Exercise details:
Please repeat, exactly and without pictures, the lines of the entries below that run from the one containing "Quests are collection" through the one containing "Watercolor Teddy Bear".

Material for the task:
────────────────────────────────────────

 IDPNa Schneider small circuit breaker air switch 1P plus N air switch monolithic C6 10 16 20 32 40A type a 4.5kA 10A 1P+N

────────────────────────────────────────

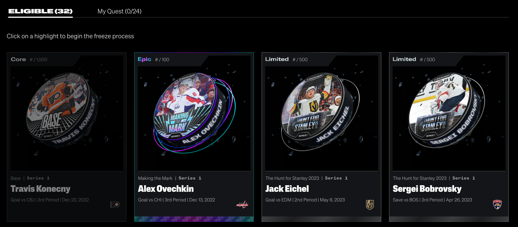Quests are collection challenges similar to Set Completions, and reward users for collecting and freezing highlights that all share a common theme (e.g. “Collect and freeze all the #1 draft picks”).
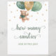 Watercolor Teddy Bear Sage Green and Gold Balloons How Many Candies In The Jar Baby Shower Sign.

────────────────────────────────────────

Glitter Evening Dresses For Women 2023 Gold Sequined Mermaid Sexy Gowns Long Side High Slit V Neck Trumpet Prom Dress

────────────────────────────────────────

Output for this exercise:
Quests are collection challenges similar to Set Completions, and reward users for collecting and freezing highlights that all share a common theme (e.g. “Collect and freeze all the #1 draft picks”).
 Watercolor Teddy Bear Sage Green and Gold Balloons How Many Candies In The Jar Baby Shower Sign.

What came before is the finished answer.